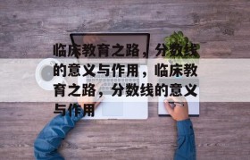 临床教育之路中,分数线是衡量医学学生学业水平的重要标准,具有重要意义与作用。它不仅决定了学生是否能够...
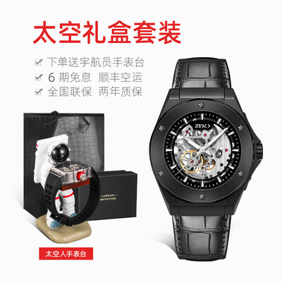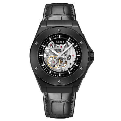 ZEMO经典酷黑黑皮腕表
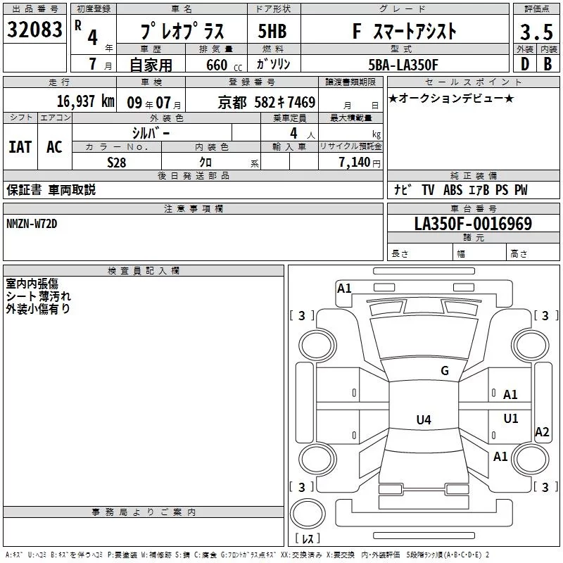 Subaru PLEO PLUS с аукциона Японии TAA Kinki лот № 32083
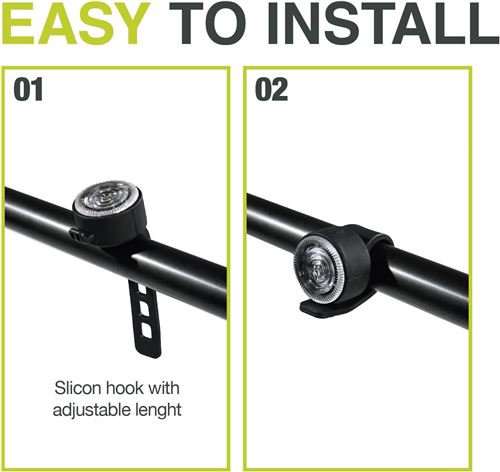 INSTALAÇÃO - Graças ao confortável sistema de fixação em silicone, o kit light é muito fácil de instalar e fixar no guidão. Seu sistema de fixação de comprimento ajustável permite que as luzes sejam colocadas em qualquer tipo de guidão ou quadro.

===============

**EXERCISE:** Could you retype each line of the material above exactly, skipping the pictures?

**RESULT FOR THIS TASK:**
 临床教育之路中,分数线是衡量医学学生学业水平的重要标准,具有重要意义与作用。它不仅决定了学生是否能够...
 ZEMO经典酷黑黑皮腕表
 Subaru PLEO PLUS с аукциона Японии TAA Kinki лот № 32083
 INSTALAÇÃO - Graças ao confortável sistema de fixação em silicone, o kit light é muito fácil de instalar e fixar no guidão. Seu sistema de fixação de comprimento ajustável permite que as luzes sejam colocadas em qualquer tipo de guidão ou quadro.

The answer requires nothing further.